Tuesday, December 23, 2025

Holiday Trading, Inflation Data and Other Key Things to Watch this Week

Markets enter the final full week of 2025 with a significantly abbreviated trading schedule as the Christmas holiday brings early closures and reduced participation that will likely result in light volume and muted price action.

Wednesday features an early 1:00pm close for Christmas Eve, followed by markets closed Thursday for Christmas Day, before normal trading hours resume on Friday.

Despite the holiday-shortened schedule, the week delivers several important economic releases including Monday’s Core PCE Price Index, Tuesday’s Q3 GDP revision and consumer confidence data, and Wednesday morning’s durable goods orders and initial jobless claims before the early close.

The light earnings calendar and reduced institutional participation create an environment where technical factors and year-end positioning adjustments may drive price action more than fundamental developments.

Markets will be digesting last week’s economic data deluge that included mixed employment numbers, stubborn inflation readings, and earnings from Micron (MU), FedEx (FDX), and Nike (NKE) as participants look ahead to final 2025 positioning and early 2026 outlook development.

Here are 5 things to watch this week in the Market.
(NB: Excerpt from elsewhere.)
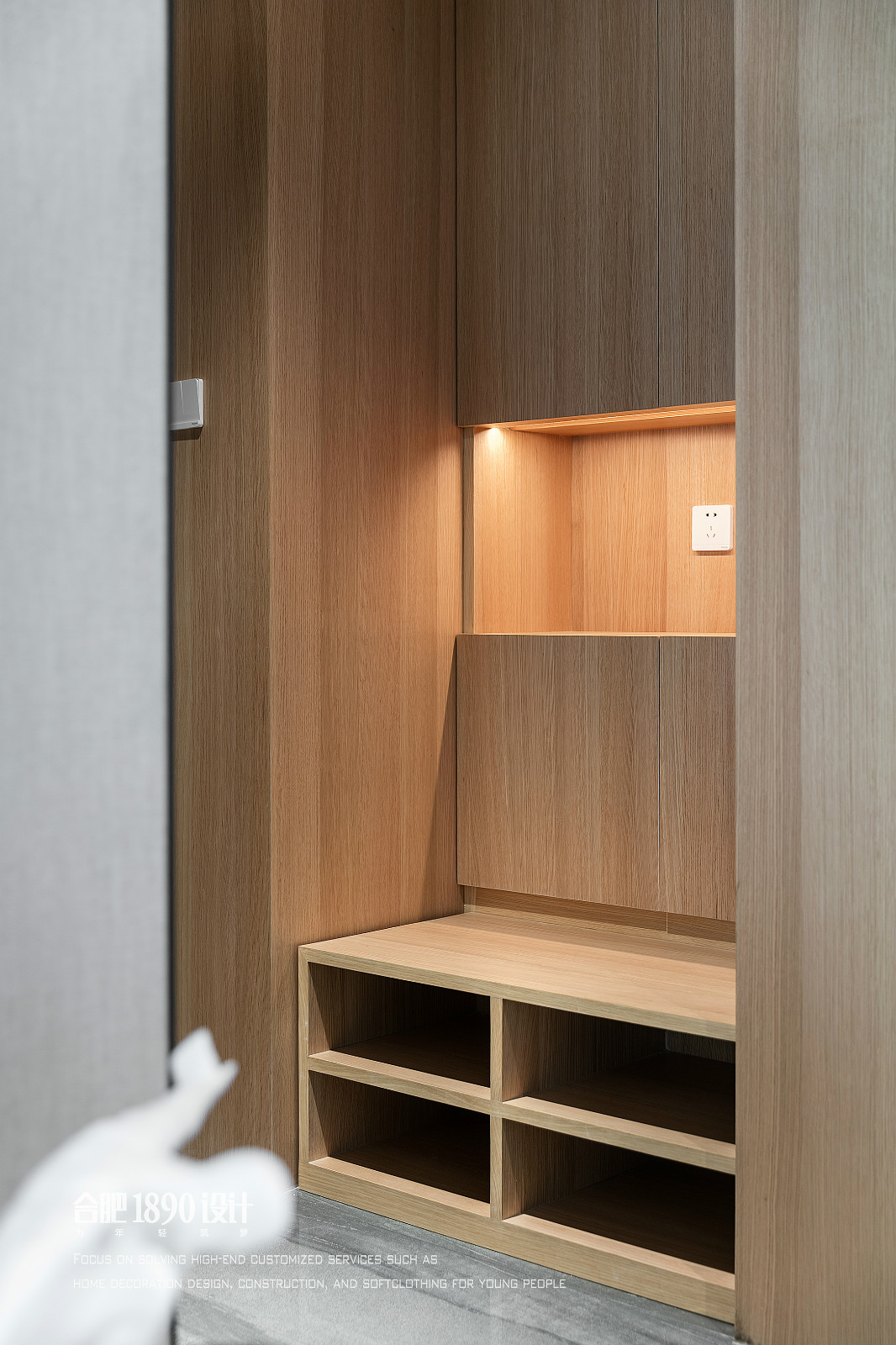 利用入户玄关的凹口,做了一组收纳柜,及可以移动的换鞋凳,换鞋凳也可以充当平时日用的收纳功能,一举多得。

Core PCE and Final Inflation Assessment

Monday’s Core PCE Price Index at 10:00am represents the Federal Reserve’s preferred inflation measure and serves as a final comprehensive inflation checkpoint before year-end, following last week’s concerning CPI data that showed persistent price pressures. Both month-over-month and year-over-year readings will be analyzed for evidence supporting or contradicting the sticky inflation narrative that has complicated the Fed’s policy outlook heading into 2026. The PCE report often provides different perspectives than CPI due to methodological differences in weighting and components, making the comparison between the two measures particularly important for understanding complete inflation dynamics. Any significant upside surprise could reinforce concerns that the Fed may need to pause its cutting cycle earlier than previously expected, while benign readings could provide some relief heading into the new year. The timing on the Monday before Christmas creates potential for muted market reactions given reduced participation, though any major deviation from expectations could still trigger positioning adjustments in rate-sensitive sectors before the holiday break.